Глава 9 В ЛЕНИНГРАД

Утром все тело опять болит, этому чувству я откровенно радуюсь, процесс идет, я становлюсь крепче и сильнее.

Значит, не зря машу битами, если мяса очень уж много и не нарастет, рука станет все равно гораздо тяжелее, удар жестче и мощнее. Кажется мне, что в этой жизни, в отличии от той, мне предстоит гораздо чаще прибегать к размену ударами, поэтому, гораздо лучше иметь их в арсенале более доходчивыми для противников.

Именно, что не на ринге, а в жизни, хотя и на ринге лишним не будет.

Раз уж я собираюсь идти совсем другим путем в этот раз, мимо школы и военного училища, где драться между собой не особо принято. Именно в такие места, где это осознанная необходимость и, отчасти, средство выживания.

Надеваю после раннего завтрака перчатки, вытаскиваю листы из тетрадки, но, сначала долго протираю места на конвертах, которых касался пальцами, затираю добросовестно. Стелю сложенную газету «Труд» на стол и начинаю писать текст сообщения на каждом листе по отдельности. Почерк не меняю, просто пишу левой рукой печатными буквами, все буквы изображаю не как обычно, рисую их не так, как привык, а веду ручку совсем наоборот.

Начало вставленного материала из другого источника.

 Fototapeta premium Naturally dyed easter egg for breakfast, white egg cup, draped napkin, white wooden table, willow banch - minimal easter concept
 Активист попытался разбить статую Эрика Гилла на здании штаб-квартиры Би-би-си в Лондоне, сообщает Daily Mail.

Не то, чтобы я опасался разоблачения, но и помогать разыскать меня не собираюсь, поэтому пишу короткий текст на каждый лист, откладываю его в сторону, складываю пополам, тут же подписываю конверт, ставлю индекс, просто название города и куда именно там: обком, горком, МВД и прокуратура.

Мне кажется, что это основные места, где могут и должны заинтересоваться моей анонимкой.

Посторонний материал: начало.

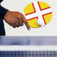Ping Pong Paddle with design with a flag of historic county of Dorset, in England, Great Britain; yellow flag with a white cross with a red border
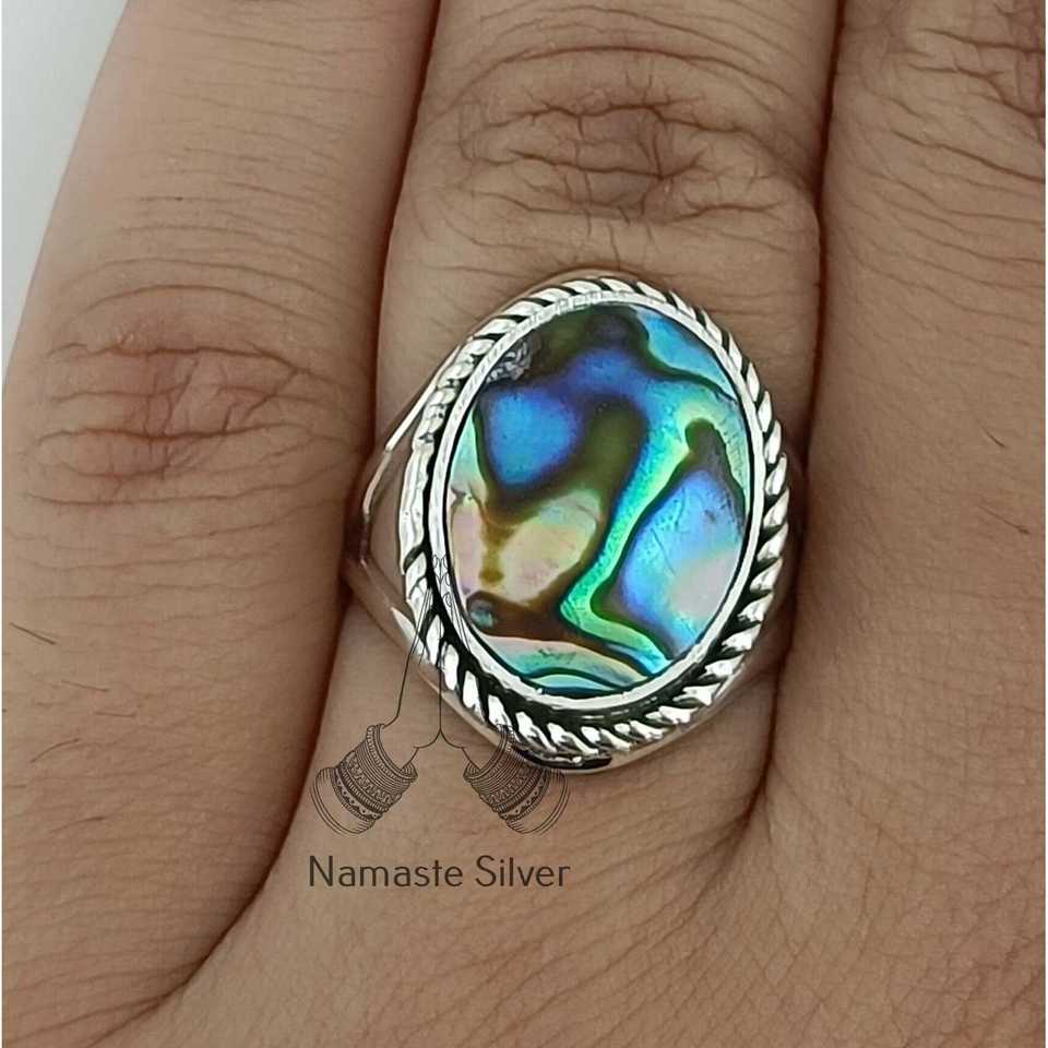 Abalone Silver Ring Boho Handmade Inlay Paua Shell Ring Licensed Private Gift for Her Featuring Unique Bohemian Style Jewelry

В КГБ не пишу пока, это не их профиль, насколько я осведомлен про дела комитета.

Написав двенадцать листов, я сложил их аккуратно в конверты, даже не стал заклеивать языком из-за солидного количества, а налил воды в чистую чашку и смазал мокрой кисточкой края, потом заклеил. Собрал в пакет и положил в свою спортивную сумку, чтобы не увидели случайно родители или сестра, которую приведут скоро.

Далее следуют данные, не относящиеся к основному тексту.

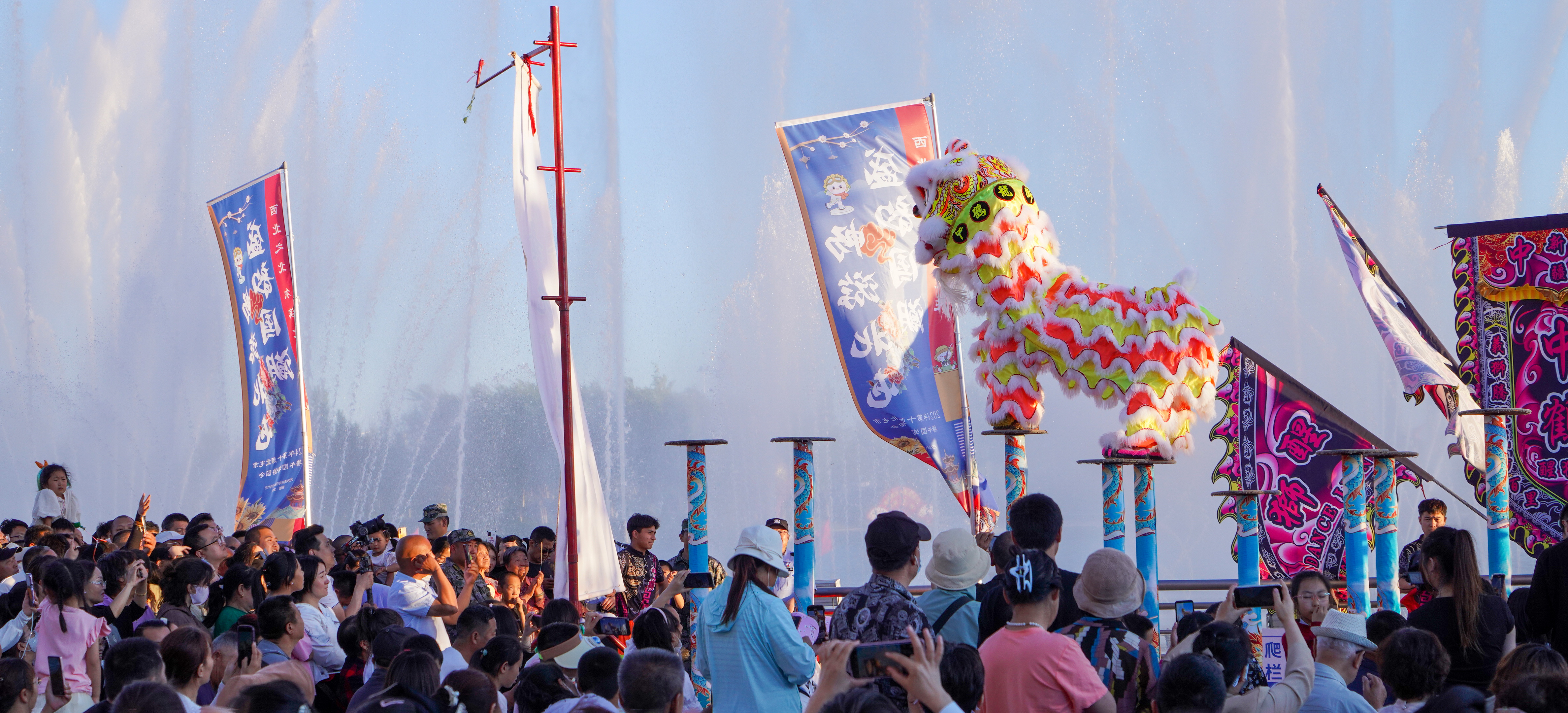 6月10日,在十师北屯市端午国潮游园会上,游客在欣赏舞狮表演。

Даже газету прихватил с собой, чтобы выкинуть по дороге. Насмотрелся, как по отпечаткам на газете таких информаторов находят, даже самому смешно стало от такого предположения, но, все же выкину газету лично сам в урну по дороге.

Когда раздается звонок, я открываю дверь и впускаю занесенных снегом тетю с Варюшкой.

На самом деле, мне бы оставить ее завтра обратно у тетки, когда я поеду в Ленинград, но, той на работу пора в смену выходить, оказывается, придется Варьке одной посидеть дома.

В этом есть немалая такая проблема, оставлять так надолго ее нельзя, все же восемь лет всего и мало ли что. Если родители узнают, что я исчез на семь-восемь часов, мне сильно влетит, ладно, если там пару часов погулять с парнями или на тренировку сходить.

Да и решение финансового вопроса подвиснет, поэтому я быстро упрашиваю подержать сестренку до вечера мою тетю, когда я сам ее заберу.

— Придется ехать в Ленинград сегодня, так получается, — понимаю я.

Расписание электричек написано на бумажке около зеркала, я успеваю еще на двенадцать двадцать, поэтому оставляю ключ от квартиры и убегаю на электричку. Прихватив с собой пару бутербродов с сыром и колбасой, еще «Три товарища» Ремарка, как раз перечитаю по пути, что бы пара часов в каждую сторону пролетела незаметно.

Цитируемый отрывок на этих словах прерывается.